Without any of the pictures, transcribe all the lines below exactly.

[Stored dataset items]
......
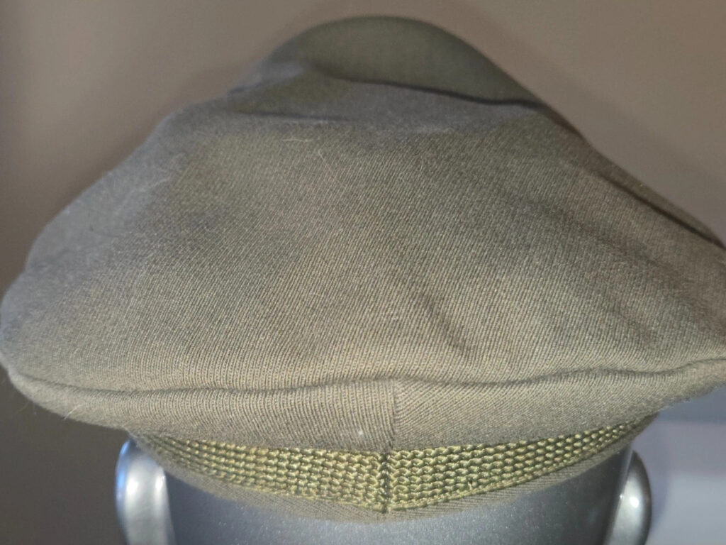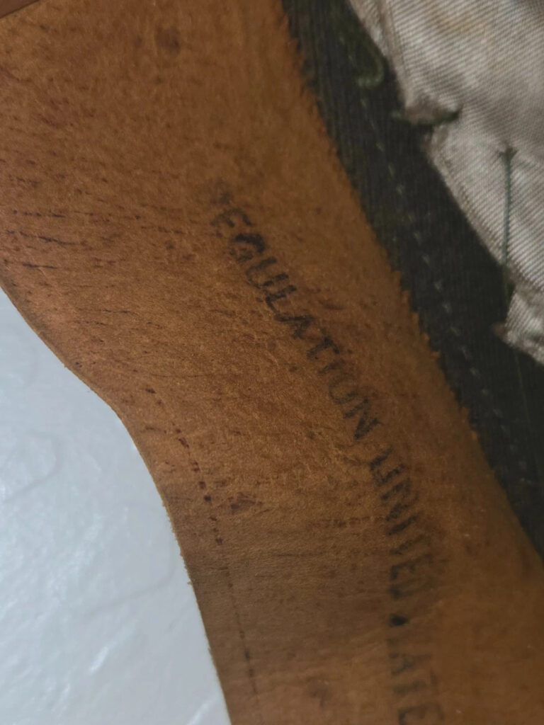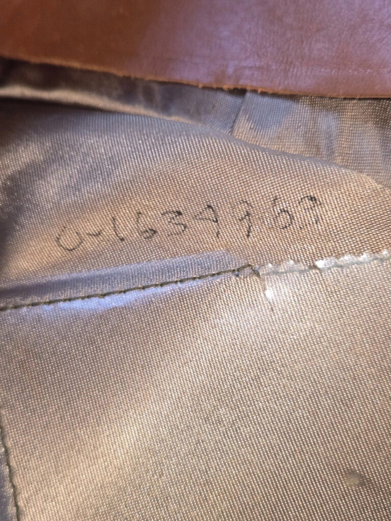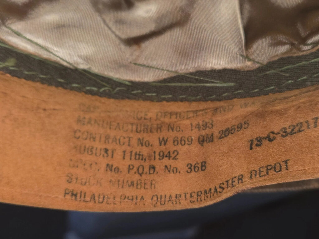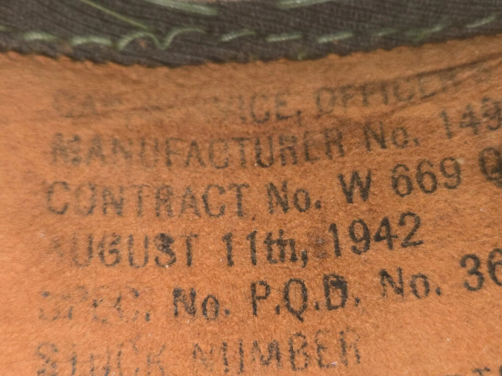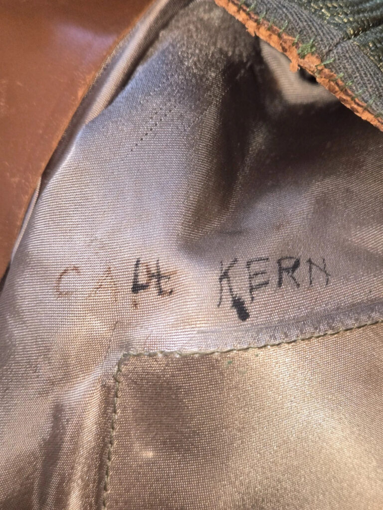 Named Crusher cap, manufacture date 1942 and attributed to B-17 navigator Lt. Kern (went on to Major General). The cap is labeled “Capt. Kern” in the crown, but inside the sweatband is “Lt. Kern”. Photos above show his B-17 “Revel’s Revenge” (sometimes noted as “Reuel’s Revenge”) and a photo of some of the POWs at Stalag Luft I near Barth Germany where he was taken. I’m not 100% on the attribution.
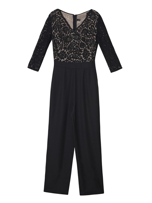Vネックのレースがエレガントなジャンプスーツです♪ハイウエストで脚長効果も抜群♪上品な大人デザインは女子会からパーティー、二次会まで色々なシーンでお使い頂ける一枚です。
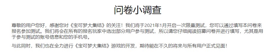 以方块造型的宝可梦为主角的休闲收集对战手游《宝可梦大集结》将于2021年1月开启一次限量测试,您可以通过填写本问卷来报名参加测试。我们将会在所有的报名玩家中选出部分用户参与测试,所以请您仔细阅读招募问卷并进行填写,尤其是用于参与测试的账号信息和您的手机号。
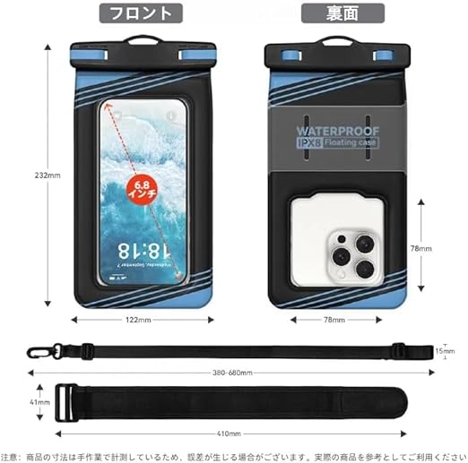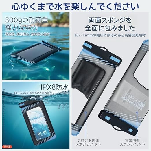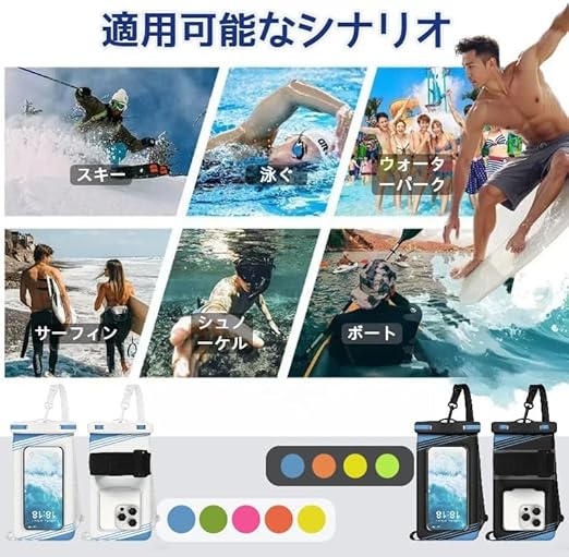 【2025新型エアバツグ設計・安心対策】 スマホ用防水ケースは、背面に水に浮く特殊な「エアバッグ構造」を採用しています。 背面の浮き輪で海やプールに落ちても自然に浮き上がり、沈まなくてスマホの紛失を防ぎます。また、通常の防水カバーよりも耐衝撃性に優れています。エアバッグ構造により、落下などの衝撃を分散させ、砂やホコリなどが直接触れることがありません。過酷な環境下でも高い耐衝撃性を発揮し、スマホを全方位からしっかりと守ります。
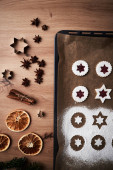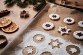 Zdjęcie "Widok z góry ciasteczka świąteczne" może być wykorzystywane do celów osobistych i komercyjnych zgodnie z warunkami zakupionej licencji Royalty-free. Obraz jest dostępny do pobrania w jakości wysokiej rozdzielczości do 5760x3840.
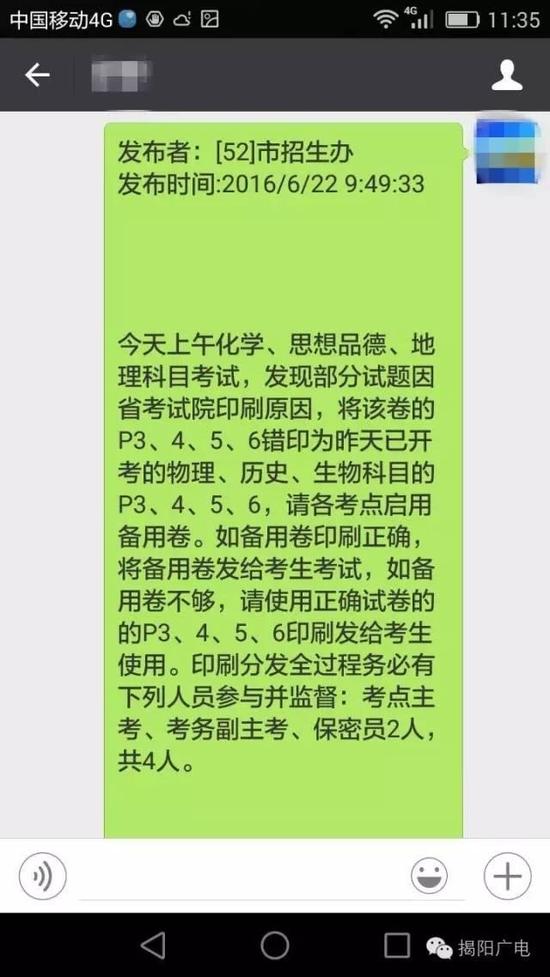 广州日报记者了解到,揭阳中考的考试时间为从6月20日知6月22日,今日上午进行化学、思想品德、地理三科科目的考试。可有考生发现,化学试卷中有三面印成物理题,“全市都错误,目前学生们都被困在教室,等候处理。”该考生称,“这是全省的试卷历史上第一次发生这么大的错误。”
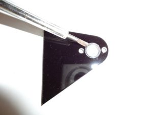 Corona del servo con los taladros de 3mm hechos (Click para ampliar)
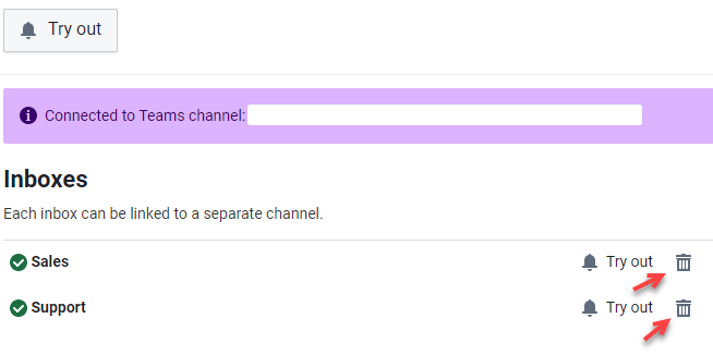 After this is done, you will find the 'Connect' button behind the inboxes again. Connect the inbox as you have done before in [MS Teams](https://manuals.dialox.ai/studio/channels/ms-teams). Your Botsquad notifications will now be received in the new MS Teams Channels.
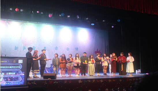 所以一开场比赛气氛便比较紧张,同学们“八仙过海,各展神通”,歌喉特点也不尽相同。而本次比赛当真是贴合了“古今情”的主题,演唱曲目的风格从复古风到现代风,从民谣到流行音乐应有尽有。小礼BOOM组合的《甜甜的》点燃全场的掌声;赖雯妍声音清澈演唱的《燕归巢》带大家去了“晨风抚芭蕉,寒梅落尽”的天地中走上一程;吴淞的《童话镇》再加上玩偶送糖,引得大家童心大起,全场沸腾;而闫江浩暖暖的嗓音送上的《南山南》仿佛要唱入人的心里去,应对全场合拍;云南男孩周克垚自弹自唱的《再见吧,喵小姐》,声音温柔富有磁性,不出所料摘得桂冠。以及其他选手的演唱都让同学们获得了极佳的视听享受。
......
■ ANSWER BELOW ■
 Named Crusher cap, manufacture date 1942 and attributed to B-17 navigator Lt. Kern (went on to Major General). The cap is labeled “Capt. Kern” in the crown, but inside the sweatband is “Lt. Kern”. Photos above show his B-17 “Revel’s Revenge” (sometimes noted as “Reuel’s Revenge”) and a photo of some of the POWs at Stalag Luft I near Barth Germany where he was taken. I’m not 100% on the attribution.
Vネックのレースがエレガントなジャンプスーツです♪ハイウエストで脚長効果も抜群♪上品な大人デザインは女子会からパーティー、二次会まで色々なシーンでお使い頂ける一枚です。
 以方块造型的宝可梦为主角的休闲收集对战手游《宝可梦大集结》将于2021年1月开启一次限量测试,您可以通过填写本问卷来报名参加测试。我们将会在所有的报名玩家中选出部分用户参与测试,所以请您仔细阅读招募问卷并进行填写,尤其是用于参与测试的账号信息和您的手机号。
 【2025新型エアバツグ設計・安心対策】 スマホ用防水ケースは、背面に水に浮く特殊な「エアバッグ構造」を採用しています。 背面の浮き輪で海やプールに落ちても自然に浮き上がり、沈まなくてスマホの紛失を防ぎます。また、通常の防水カバーよりも耐衝撃性に優れています。エアバッグ構造により、落下などの衝撃を分散させ、砂やホコリなどが直接触れることがありません。過酷な環境下でも高い耐衝撃性を発揮し、スマホを全方位からしっかりと守ります。
 Zdjęcie "Widok z góry ciasteczka świąteczne" może być wykorzystywane do celów osobistych i komercyjnych zgodnie z warunkami zakupionej licencji Royalty-free. Obraz jest dostępny do pobrania w jakości wysokiej rozdzielczości do 5760x3840.
 广州日报记者了解到,揭阳中考的考试时间为从6月20日知6月22日,今日上午进行化学、思想品德、地理三科科目的考试。可有考生发现,化学试卷中有三面印成物理题,“全市都错误,目前学生们都被困在教室,等候处理。”该考生称,“这是全省的试卷历史上第一次发生这么大的错误。”
 Corona del servo con los taladros de 3mm hechos (Click para ampliar)
 After this is done, you will find the 'Connect' button behind the inboxes again. Connect the inbox as you have done before in [MS Teams](https://manuals.dialox.ai/studio/channels/ms-teams). Your Botsquad notifications will now be received in the new MS Teams Channels.
 所以一开场比赛气氛便比较紧张,同学们“八仙过海,各展神通”,歌喉特点也不尽相同。而本次比赛当真是贴合了“古今情”的主题,演唱曲目的风格从复古风到现代风,从民谣到流行音乐应有尽有。小礼BOOM组合的《甜甜的》点燃全场的掌声;赖雯妍声音清澈演唱的《燕归巢》带大家去了“晨风抚芭蕉,寒梅落尽”的天地中走上一程;吴淞的《童话镇》再加上玩偶送糖,引得大家童心大起,全场沸腾;而闫江浩暖暖的嗓音送上的《南山南》仿佛要唱入人的心里去,应对全场合拍;云南男孩周克垚自弹自唱的《再见吧,喵小姐》,声音温柔富有磁性,不出所料摘得桂冠。以及其他选手的演唱都让同学们获得了极佳的视听享受。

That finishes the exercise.